Stored data:
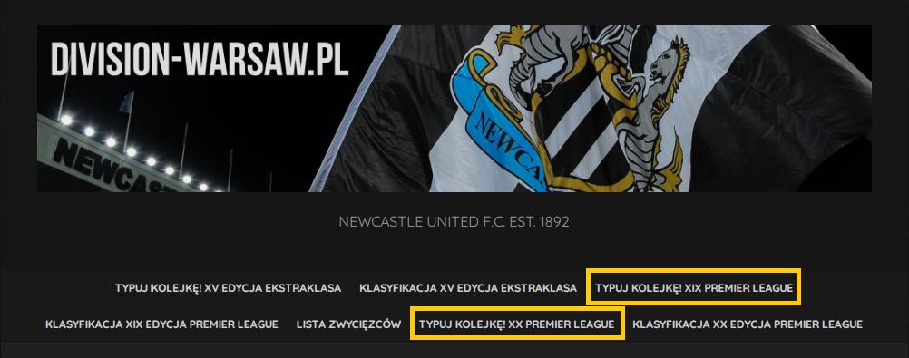 Wyznawcom teorii spiskowych tradycyjnie przypominam, że mecze typerków XIX i XX edycji Premier League typujemy wchodząc w odpowiednie zakładki w belce pod bannerem Newcastle Utd na stronie głównej zgodnie z załączonym obrazkiem. Dla osób niedowidzących zakładki są zaznaczone w ciemnożółte ramki.
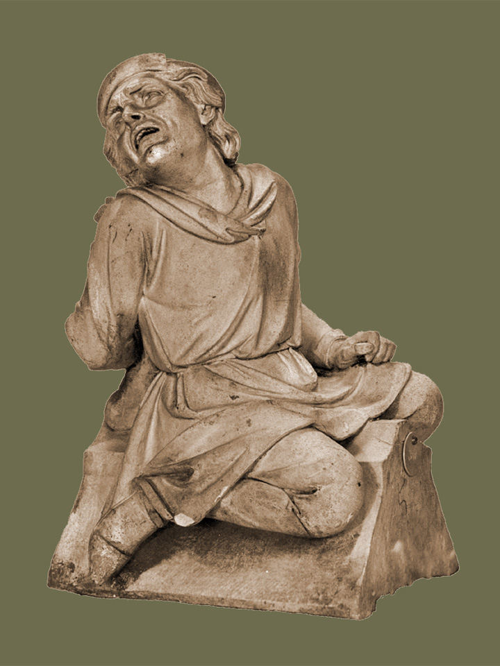 Model voor het nieuw figuur dat bij de restauratie van de luchtbogen in 1868-1873 op de plaats kwam voor het originele beeld.
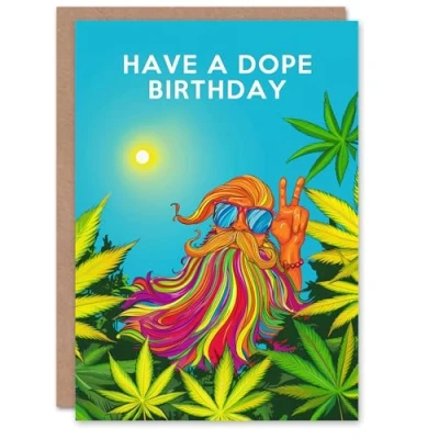 Artery8 Have A Dope Day Happy Colourful Beard Hippie Blank For Him Or Her Art Birthday Card

Problem to work on: Give back exactly the lines from the line with "Model voor het" through the end of the material above, inclusive, with no pictures.

Response to this task:
 Model voor het nieuw figuur dat bij de restauratie van de luchtbogen in 1868-1873 op de plaats kwam voor het originele beeld.
 Artery8 Have A Dope Day Happy Colourful Beard Hippie Blank For Him Or Her Art Birthday Card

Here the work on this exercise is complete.